Research Statement
My long term research goal is visual understanding through extended robotic interactions with the world. I am interested in processing EO/IR video from an actively moving image sensor over long periods. My goal is to generate useful visual measurements with predicted error characteristics, to enable autonomous intelligence, surveillance and reconnaissance tasks in robotics. I seek to create a robust robotic vision system that can solve probabilistic visual inference and generalized correspondence problems in unconstrained outdoor environments. Broad themes of my work have been computer vision to enable outdoor robotic autonomy, visual collision detection, image segmentation using perceptual organization, inertial measurement aiding for vision, visual navigation and real time embedded video processing.
Projects
My current work is focused on computer vision for unmanned air vehicles (UAVs):
VAMAV: Visual obstacle detection and avoidance for a micro air vehicle. Monocular image segmentation and area moments for time to collision estimates.

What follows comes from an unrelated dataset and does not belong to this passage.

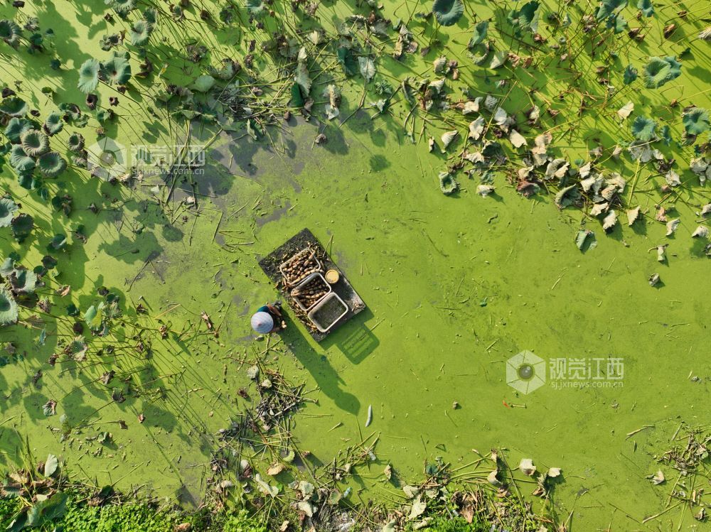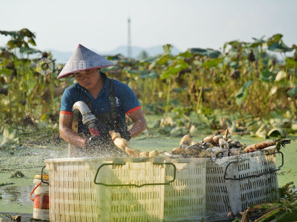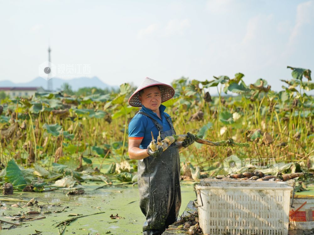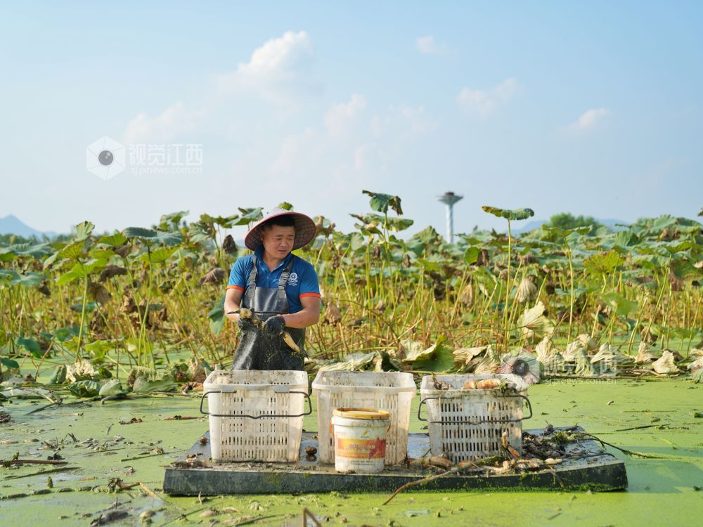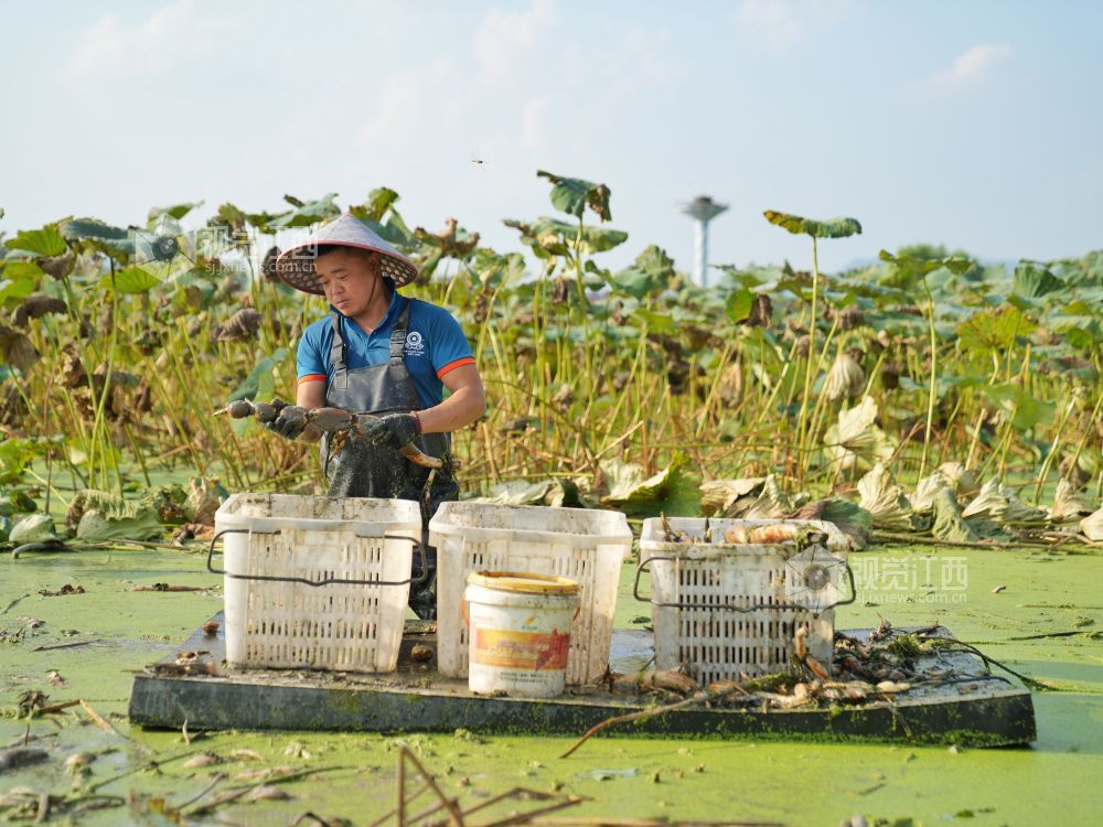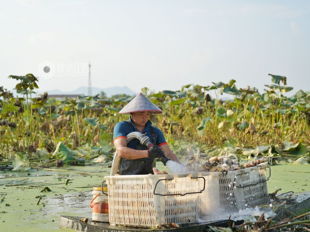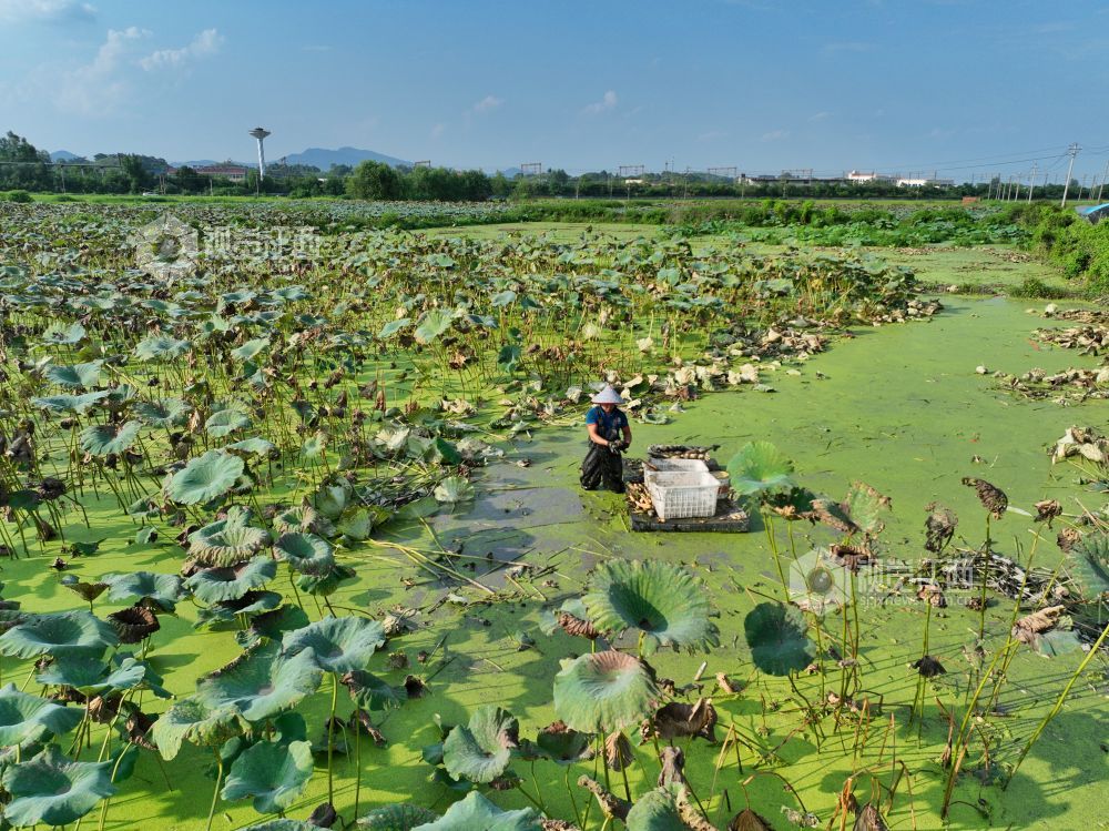 2023年8月23日,在江西省萍乡市芦溪县芦溪镇年丰村莲藕种植基地,种植户忙着采收莲藕。

VISTA: Visual Threat Awareness for an Unmanned Air Vehicle. Stereo based obstacle detection for small UAVs.
ImageNav: Image aided navigation for an unmanned air vehicle in GPS denied areas.
EVASE: Supervised learning and 2D pattern classification in noisy video.
K-cut Image Segmentation: Perceptual organization using multiway graph cuts.
Constrained Fuzzy Clustering: Constrained fuzzy clustering for target detection in particle filters.
Completed projects at the Carnegie Mellon University Robotics Institute (CMU-RI):
Reconfigurable Vision Machine: Research staff for modular architecture and software tools for high performance machine vision.
Micro Vision Engine: Consultant on low noise analog NTSC layout for a vision computer suitable for a small unmanned vehicle.
TUGV: Research assistant on high speed cross country navigation using stereo vision for the Transitional Unmanned Ground Vehicle.
Virtualized Reality: Research assistant on hardware and software based camera synchronization for multibaseline 3D reconstruction.
Automated Timber Inventory: Precise texture segmentation for tree diameter estimation.
Biography
Jeffrey Byrne is a senior research engineer at Scientific Systems Company Inc. (SSCI) in Woburn MA, working in the areas of Computer Vision and Robotics. He has a BS (1996) and MS (1997) in Electrical and Computer Engineering (ECE) from Carnegie Mellon University, and he is also affiliated with the GRASP Lab at the University of Pennsylvania under an NDSEG fellowship . Prior to joining SSCI, Mr. Byrne worked as a consultant to Carnegie Mellon University on the Micro Vision Engine hardware platform for micro air vehicles (MAV), and as a research staff member in the CMU Robotics Institute working on image segmentation and classification, high-speed vision based inspection, real time vision for helicopter perception and stereo vision based autonomous mobile robot navigation. He also worked as a engineering manager in an embedded hardware start-up company in Silicon Valley. He is a US Citizen and has a Secret level clearance.